Proposant de revoir les procédures d'asile en obligeant à ce que les demandes d'asile soient déposées dans les ambassades françaises ou à la frontière tout en généralisant la procédure d'asile accélérée (si le demandeur d'asile est débouté après deux mois, il repart et ne rentre pas dans le pays), elle souhaite que tout mineur non accompagné qui refuse un test osseux soit présumé majeur.

La candidate LR veut par ailleurs renforcer et contrôler les conditions du regroupement familial, augmenter les conditions de revenu et rendre obligatoire, pour percevoir des prestations sociales, un délai de 5 ans.

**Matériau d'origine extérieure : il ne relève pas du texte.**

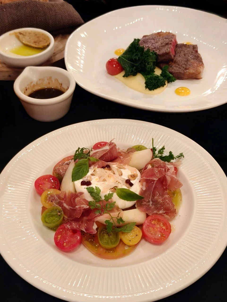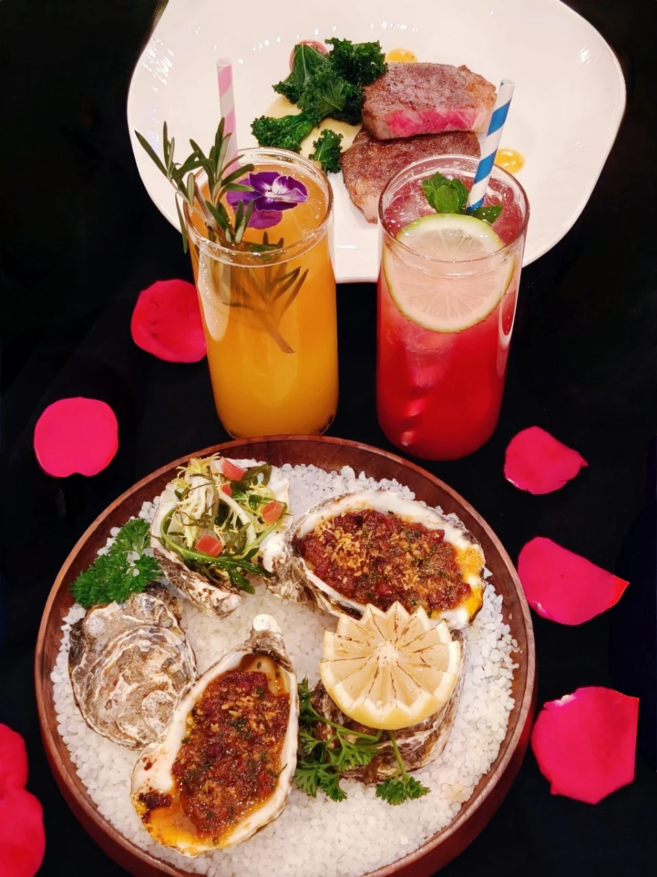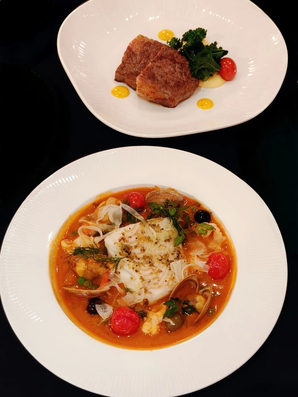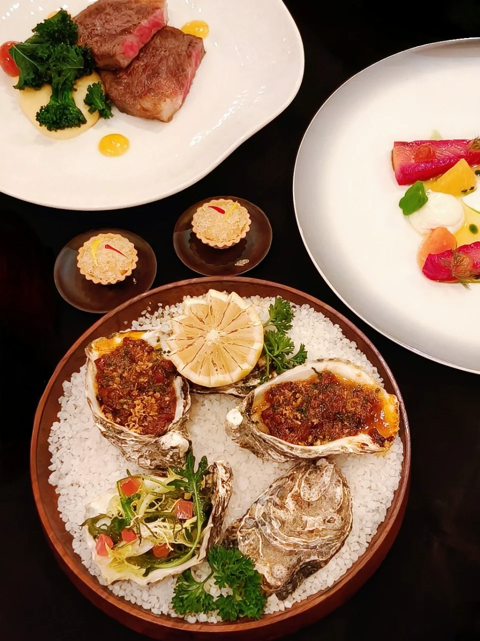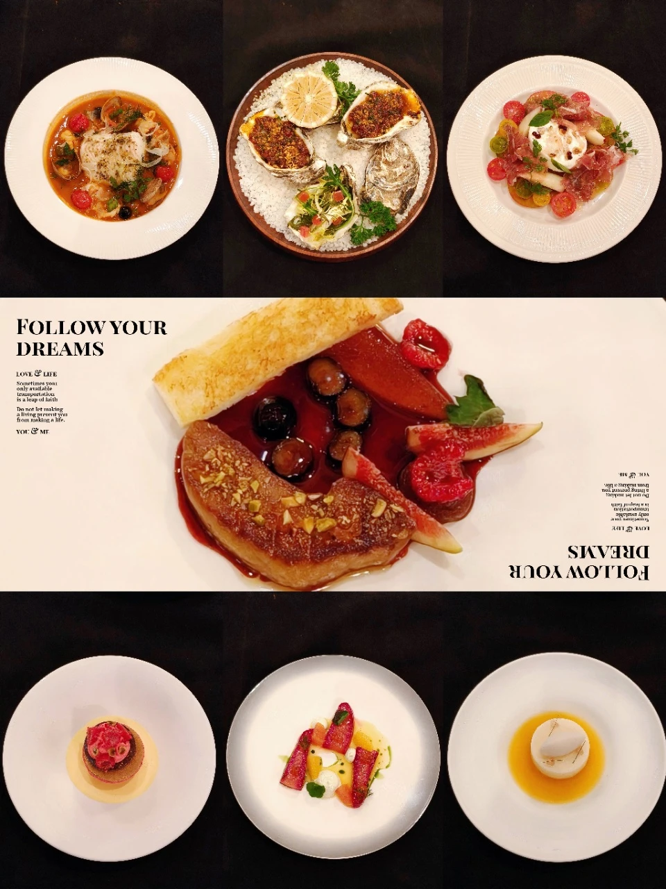 和闺蜜点的双人套餐绝了!冷头盘凯撒沙拉清爽解腻,烟熏三文鱼油脂丰润;香煎鸭肝绵密到入口即化,生蚝蘸特制酱汁鲜到流口水🦪 !主菜冰岛比目鱼嫩到弹牙,澳洲M5+牛排七分熟,入口爆汁肉香超浓郁~ 甜品柚子慕斯+树莓泡芙层次在线,气泡饮颜值口感双绝👍🏻

Elle souhaite par ailleurs supprimer les aides sociales aux clandestins (demi-tarif dans les transports par exemple), et recentrer l'aide médicale d'Etat sur la médecine urgente, placer tous les demandeurs d'asile dans des centres dédiés pendant l'instruction accélérée de leur demande afin qu'ils puissent être facilement éloignés s'ils sont déboutés, ou interdire a` un étranger de multiplier les demandes successives de titre de séjour pour des motifs différents, ce qui lui permet de rester beaucoup plus longtemps sur notre territoire.

Renforcer l'intégration

Le renforcement de l'intégration passe par un lien entre l'obtention de la carte de séjour à la maîtrise du français (600 h de cours avec examen obligatoire), la lutte contre le "séparatisme urbain", avec une stratégie de peuplement pour éradiquer en dix ans les ghettos, avec pas plus de 30 % de logements sociaux par quartier, et la fixation d'un plafond de non francophones par classe, pour garantir la qualité des apprentissages.

ECOLE

Remettre les fondamentaux au ceur de l'école

Mme Valérie PECRESSE veut augmenter en primaire de 2 heures par semaine l'enseignement du français, une heure par semaine celui des mathématiques, l'instauration d'un examen d'entrée en 6ème, "non pas pour bloquer leur entrée au collège, mais pour créer des classes de 6e de consolidation", ou encore la création d'une "réserve éducative nationale, composée de professeurs retraités, pour accompagner les élèves avec de l'aide aux devoirs gratuits dès le primaire jusqu'au lycée. Cela permettrait aussi d'aider au remplacement d'un professeur absent".

Des établissements autonomes

L'ancienne ministre de l'Enseignement supérieur veut créer des établissements publics sous contrat, inspirés des Charter Schools, avec l'objectif d'avoir à la fin du quinquennat 10 % des établissements sous contrat. Ces écoles, collèges ou lycées fonctionnent avec un triple contrat : avec l'Etat pour déterminer un projet éducatif innovant, avec les enseignants qui sont tous volontaires, avec les parents et les élèves qui doivent respecter une charte d'engagement. Le chef d'établissement a ainsi une totale liberté de recrutement de ses équipes.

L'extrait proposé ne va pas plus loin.